The stranger drew ever closer. Thorn gathered her strength, and she realized what she had to do. She stopped struggling, dropped Steel, and let the tension flow from her body.

The sentry paused at the edge of the alcove. He’d heard a sound, and he’d seen the bloodstains along the stone. But sight and sound weren’t his primary senses. He perceived the living by feeling their fears, and there was nothing up ahead. Still, spear at the ready, he turned the corner.

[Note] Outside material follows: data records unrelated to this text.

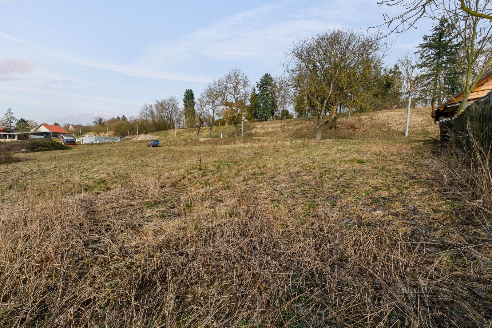 Velkou výhodou je také připravenost základních sítí – na pozemku je elektrická přípojka a na hranici pozemku se nachází přípojka obecního vodovodu.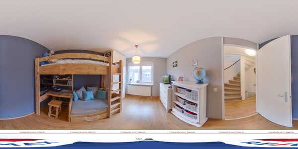 Op de eerste verdieping zijn de overloop, drie slaapkamers en de badkamer, waarvan twee voorzien zijn van een rolluik. Twee kamers zijn ingericht als kinderkamer en de derde kamer is de kastenkamer. Op zowel de overloop als de slaapkamers ligt laminaat op de vloer.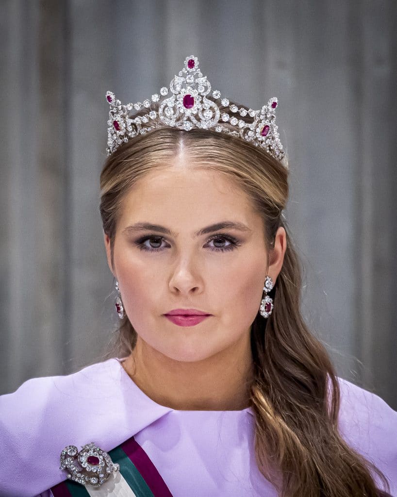 Prinses Amalia verscheen op haar derde staatsbanket in een lila capejurk van het Britse merk Safiyaa. Ze droeg daarbij het robijnen Mellerio-diadeem, een juweel dat in 1888 werd besteld door koning Willem III bij de Franse juwelier Mellerio dits Meller.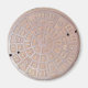 Iron manhole cover used by utility company. Design is concentric circles divided into pie segments, with letters.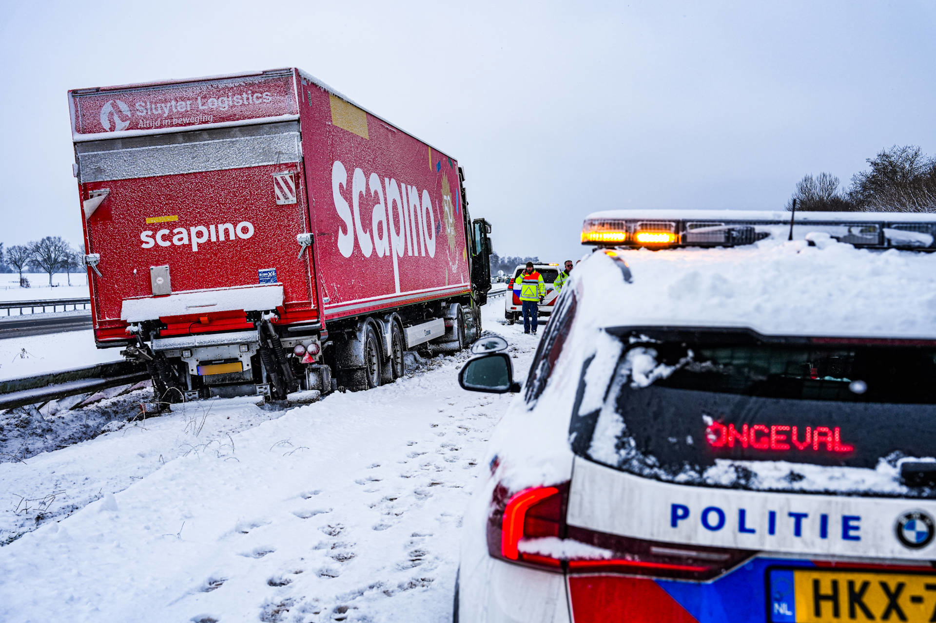 De chauffeur gaf aan passagier te zijn in zijn eigen voertuig en kon niet voorkomen dat de vrachtwagen hard tegen de vangrail botste. Bij het incident raakte niemand gewond.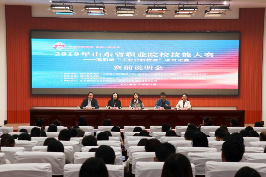 11月13日下午,2019年山东省职业院校技能大赛高职组工业分析检验赛项赛前说明会在我院滨海校区清泽楼报告厅举行。来自全省29支代表队的领队、指导教师、参赛选手参加了会议。yl8858永利集团院长高庆平主持会议。大赛裁判长、天津渤海职业技术学院专家崔迎,大赛督导员刘浩、林泽慧,我院教务处处长刘泓蔚出席会议。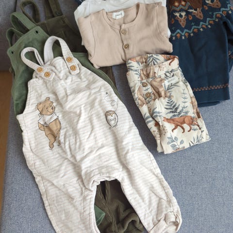Samt en onepiece, kjole, vest, og en fleece som jeg er usikker på størrelsen på.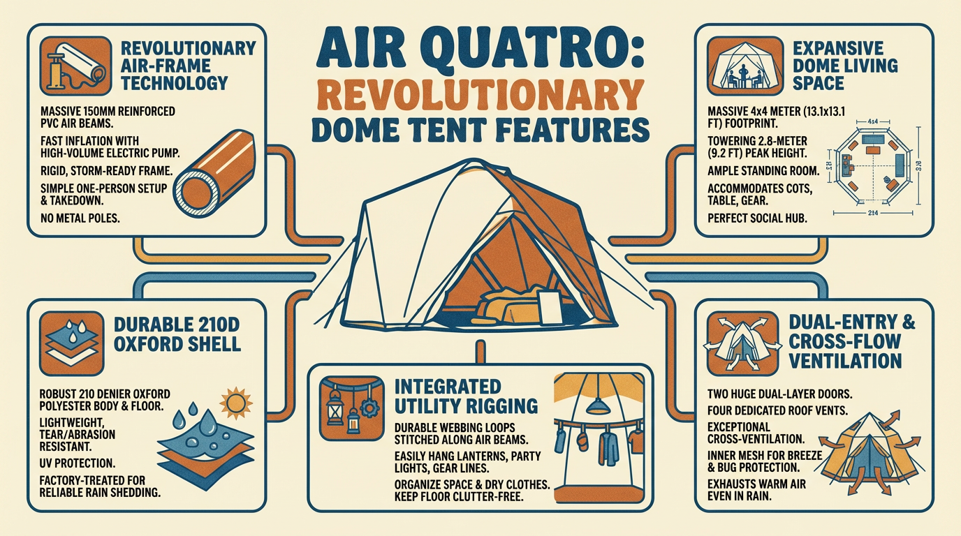 The Trend Tents Air Quatro redefines what a large shelter can be. Powered by a rock-solid inflatable frame, it delivers massive interior space without the hassle of a single pole. Unpack, inflate, and start your adventure. It's the ultimate hassle-free solution for families, groups, and anyone who values their time in the great outdoors.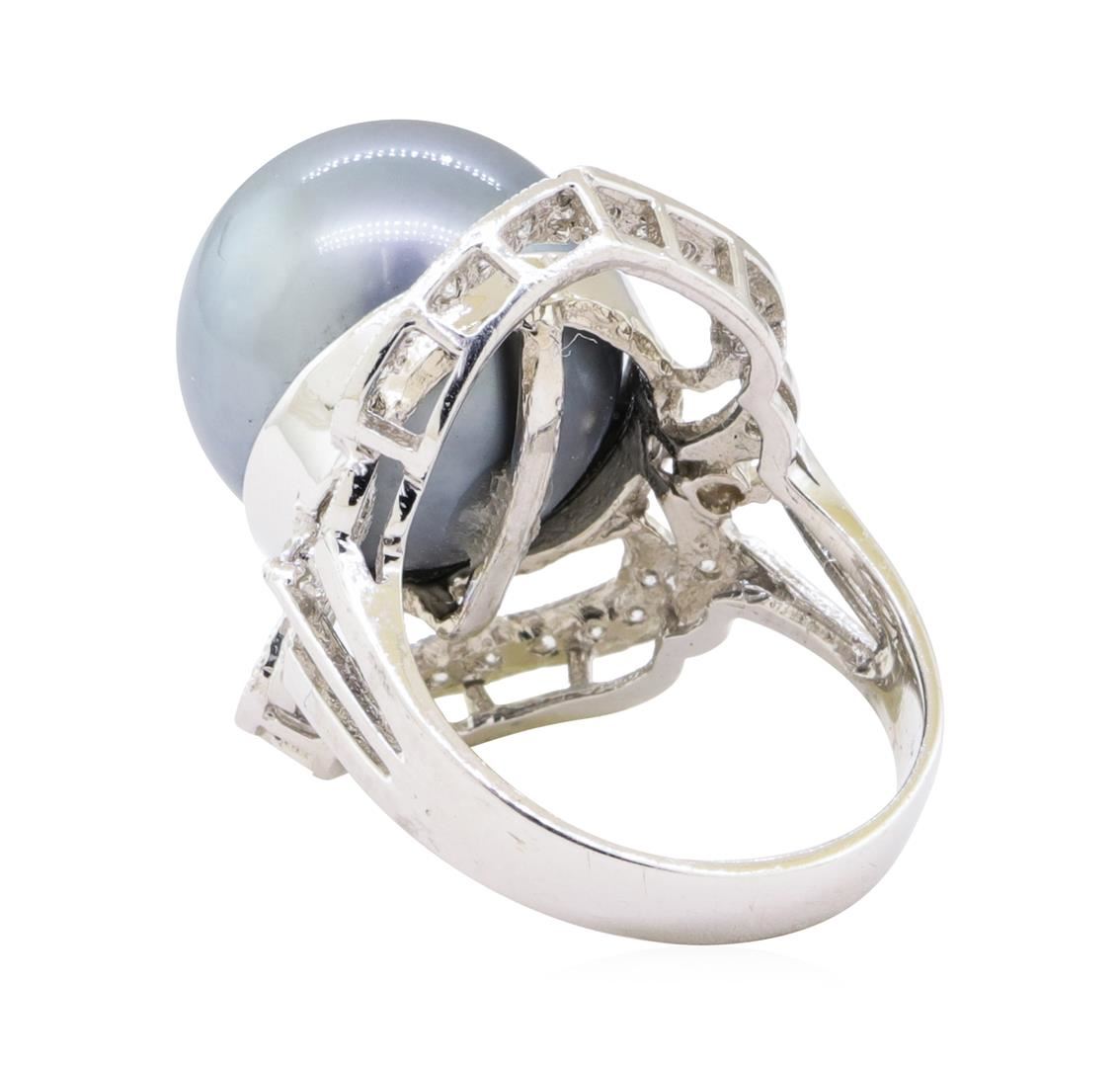 One electronically tested 14KT white gold ladies cast Tahitian cultured pearl and diamond ring.  The featured Tahitian cultured pearl is set within a stylized mirroring diamond design supported by three way split shoulders, completed by a three millimeter wide band. Bright polish finish with milgrain detailing throughout. Identified with markings of "K14". Condition is new, good workmanship. Containing: One Tahitian cultured pearl, 13.5mm in size.  The pearl is dark silver in color with a very good luster, near round, mostly clean  Graded in the setting. Tahitian cultured pearls form in the large "Black Lipped" Pinctada Margaritiferid oyster, which is about twice the size of the Japanese Akoya oyster. This warm water species from across the central and South Pacific Ocean is at home in the bays and lagoons of the islands & atolls of French Polynesia. Tahitian cultured pearl farmers generally raise their oysters in lagoons. Tahitian cultured pearls take from two to four years to form. Black pearls are known for their iridescent, vibrant, almost metallic natural colors, unique among saltwater cultured pearls. Though commonly called "Tahitian" pearls, they are actually gray, to a lighter or darker degree. Tahitian pearls have the unique ability to display a variety of colors at the same time, which can be seen glistening on their surface. Thirty-Two bead set round brilliant cut diamonds approximate total weight of 32 Stones = 0.35ct.  Graded in the setting. Clarity VS-1 to SI-1 Color F - H Total Weight of Diamonds 0.35 ct. Total Weight of Ring 8.54 gm Estimated Retail Value $     4,280.00 US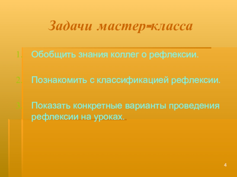 Задачи мастер-классаОбобщить знания коллег о рефлексии. Познакомить с классификацией рефлексии.Показать конкретные варианты проведения рефлексии на уроках.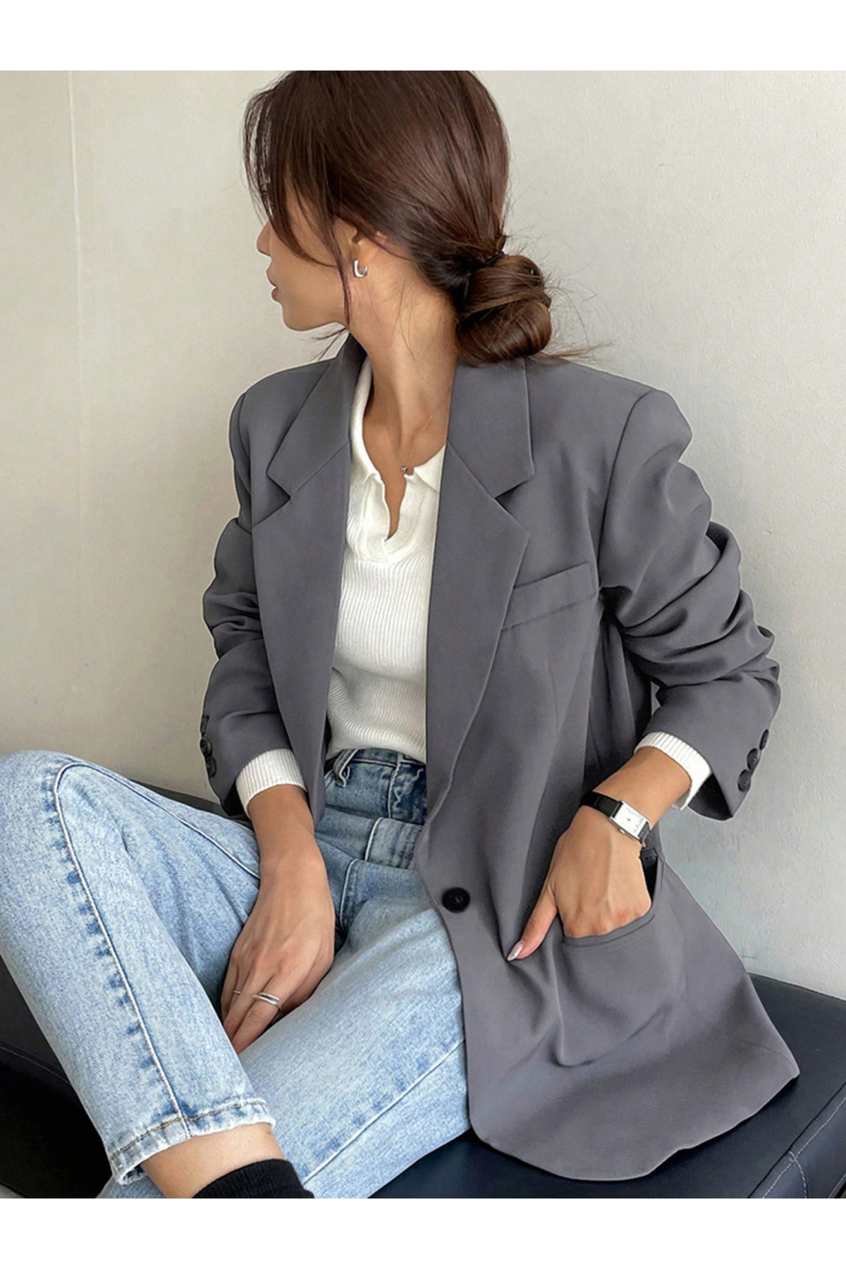 Take Two By Styli سترة رمادية بأزرار مع تفاصيل شق في الخلف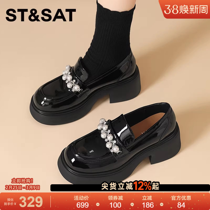 杨幂同款思加图2026新款秋叶伯爵乐福鞋英伦厚底小皮鞋单鞋女鞋子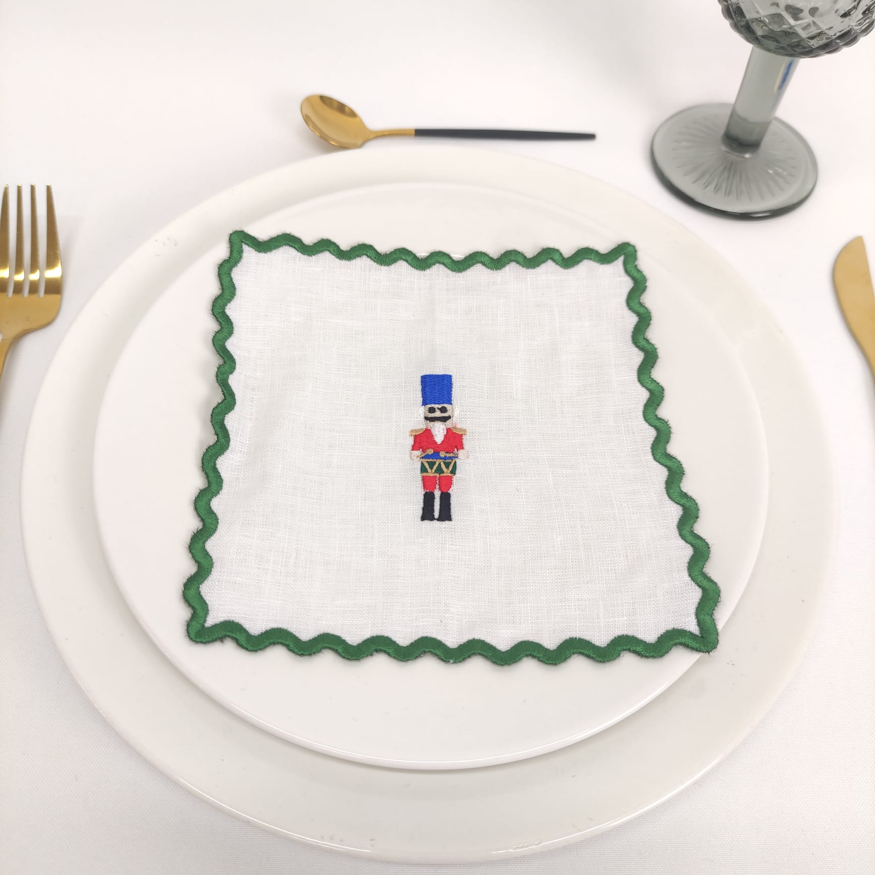 Guardanapo cocktail em linho branco, 15x15cm, c/ bordado e acabamento em rolinho às ondas.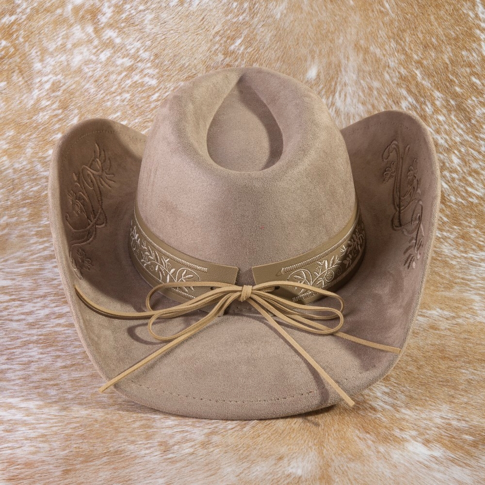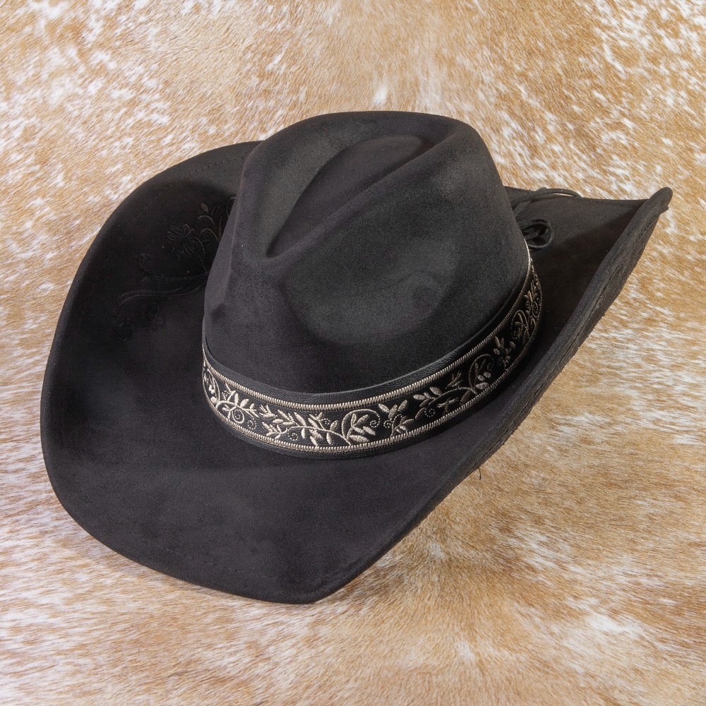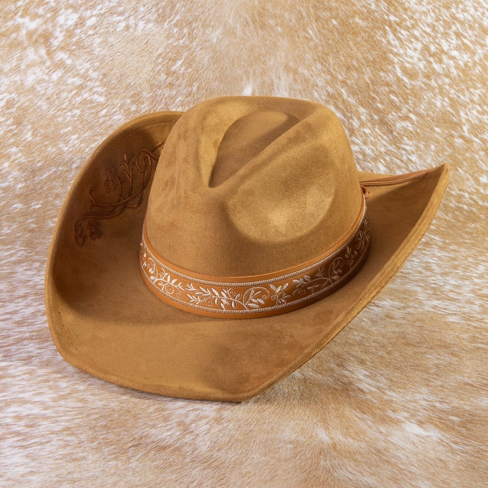 • This season's must-have cowboy hat, this cowboy hat flaunts a luxurious embroidered vines western design. Elevate your fashion IQ with this versatile cowboy hat, designed to seamlessly integrate into any style profile. This item is sold in packs of 12.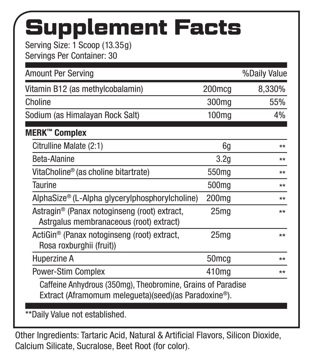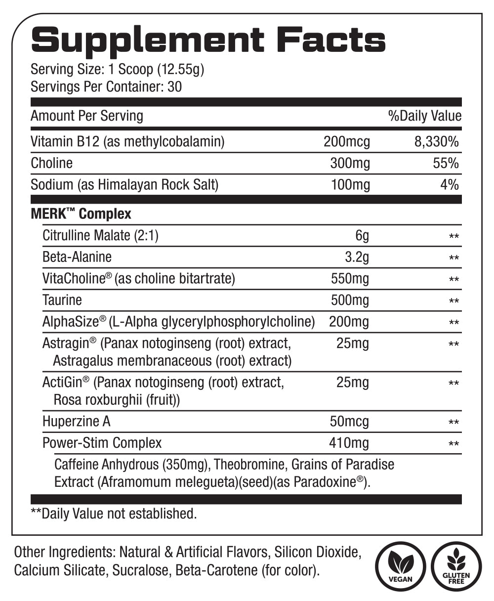 The game-changing ingredient roster that makes up MERK’s advanced formula includes 6g of Citrulline Malate, 3.2g of Beta-Alanine, 550mg of VitaCholine®, 350mg of Caffeine, and 200 mg of AlphaSize® (L-Alpha glycerylphosporylcholine). The Stance Supplements formulators didn’t stop there, though. They also included complementary ingredients like vitamin B12, Himalayan Rock Salt, Choline, ActiGin® and Astragin®. Trust us when we say, this potent performance optimizer is packed to the max with in-demand pre-workout ingredients, setting it up to revolutionize the pre-workout category!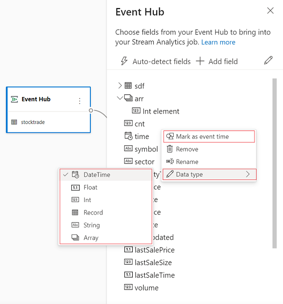 È possibile modificare i nomi dei campi, rimuovere il campo, modificare il tipo di dati oppure modificare l'ora dell'evento (Contrassegna come ora evento: clausola TIMESTAMP BY in caso di campo di tipo datetime), selezionando il simbolo a tre punti accanto a ogni campo. È anche possibile espandere, selezionare e modificare i campi annidati dai messaggi in arrivo, come illustrato nell'immagine seguente.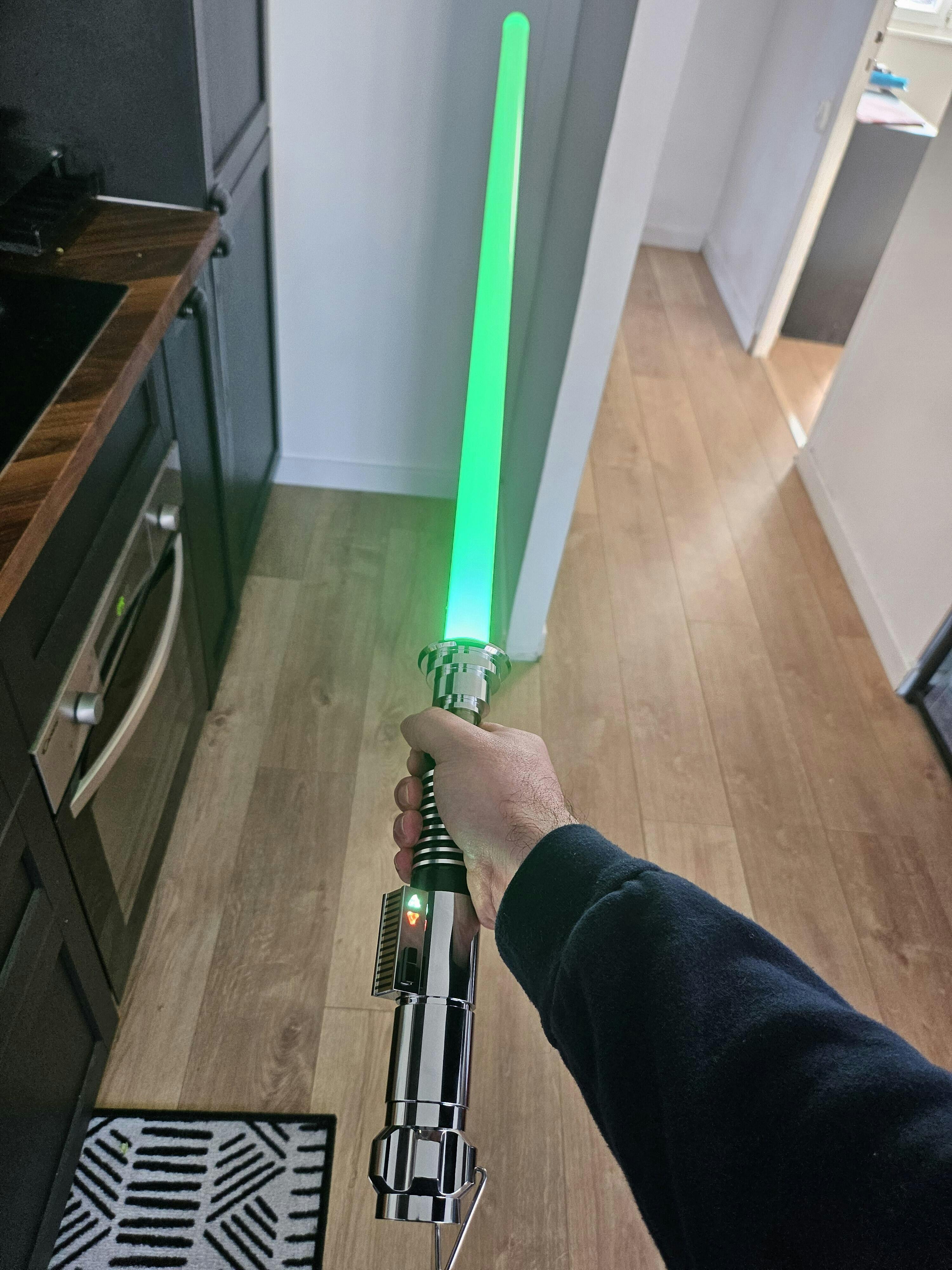 Allumez ou rangez le sabre en faisant tourner le manche.

The woman was stretched out on the stone. The sentry could see her broken leg and the blood around her, the dagger fallen to the side. And he felt nothing from her. Already dead. Something gleamed on the back of her neck, and he took a step forward to see what it was.

She moved in an instant, her hand wrapped around his leg. Surprised as he was, the sentry raised his spear to finish her. Or he tried to. Something was wrong. There was no strength in his arms. No arms. She was crushing all that he was and pulling it down, pulling it into her, pulling it…

Into the stone.

He could hear the other voices clamoring around him, the dragon, the demons, the angels. And that was his last thought for a long time.

Thorn gasped, still clutching the ankle of the guardian. The pain was gone, flushed away as the strength of the sentry flowed through her. She flexed her leg and found the bone intact. Once again, draining the life of another had saved her own.

Sarmondelaryx’s power, she thought. I used it again.

It was only then that the events of the past few moments fully came back to her. She sat up and looked around. “Drego?”

He was nowhere to be seen. More than that, she couldn’t smell him anymore. With all the other voices, she wasn’t sure if he’d really been there at all.

Voices. She picked up Steel.

You’re alive, he said.

“You sound so surprised,” she told him.

You weren’t watching you for the last few moments. Quite a remarkable recovery.

“Isn’t it? It might make you think of Toli or a certain Deneith bastard.”

Yes… Steel said. I felt the surge of power again. It seems you’re learning more control.